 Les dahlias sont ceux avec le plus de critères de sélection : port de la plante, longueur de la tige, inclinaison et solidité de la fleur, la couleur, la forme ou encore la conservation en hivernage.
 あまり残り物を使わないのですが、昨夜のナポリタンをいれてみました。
--
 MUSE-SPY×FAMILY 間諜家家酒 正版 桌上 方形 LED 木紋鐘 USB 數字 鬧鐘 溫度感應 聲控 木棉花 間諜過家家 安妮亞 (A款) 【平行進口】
* * *
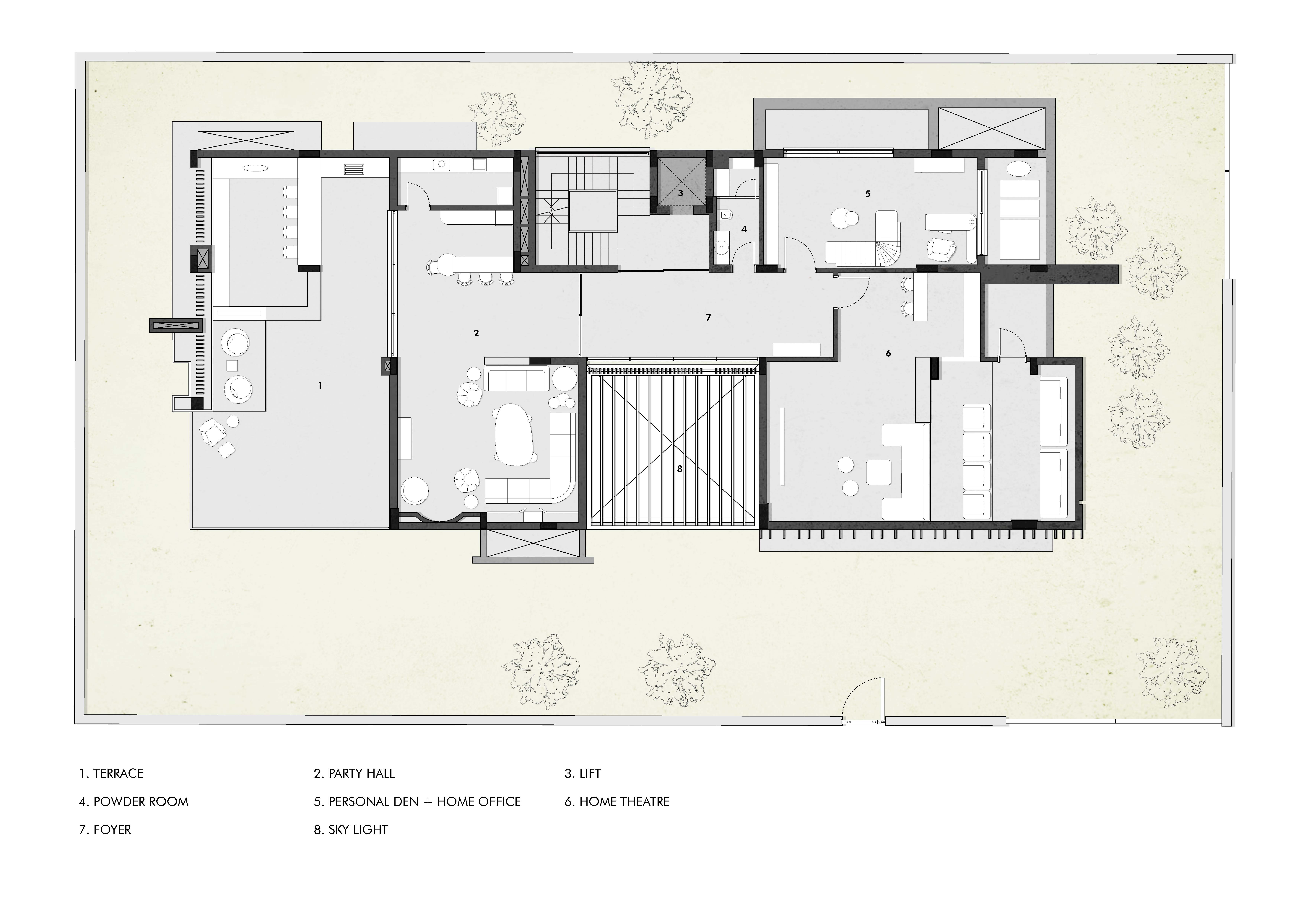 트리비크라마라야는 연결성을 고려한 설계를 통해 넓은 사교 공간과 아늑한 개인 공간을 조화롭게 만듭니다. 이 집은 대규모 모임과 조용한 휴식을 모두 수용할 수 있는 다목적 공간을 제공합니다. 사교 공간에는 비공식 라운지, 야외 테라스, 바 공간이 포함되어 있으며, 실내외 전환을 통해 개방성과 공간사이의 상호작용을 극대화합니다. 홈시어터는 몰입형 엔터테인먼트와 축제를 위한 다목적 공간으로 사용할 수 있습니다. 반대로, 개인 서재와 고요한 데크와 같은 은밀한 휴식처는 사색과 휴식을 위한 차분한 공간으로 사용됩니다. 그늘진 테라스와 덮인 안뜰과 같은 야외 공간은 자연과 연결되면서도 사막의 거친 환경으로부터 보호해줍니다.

### Task requirements
Reproduce, exactly as they stand in the data above, the lines from the one that holds "Les dahlias sont" to the one that holds "あまり残り物を使わないのですが、昨夜のナポリタンをいれてみました。", inclusive.

### Reply
 Les dahlias sont ceux avec le plus de critères de sélection : port de la plante, longueur de la tige, inclinaison et solidité de la fleur, la couleur, la forme ou encore la conservation en hivernage.
 あまり残り物を使わないのですが、昨夜のナポリタンをいれてみました。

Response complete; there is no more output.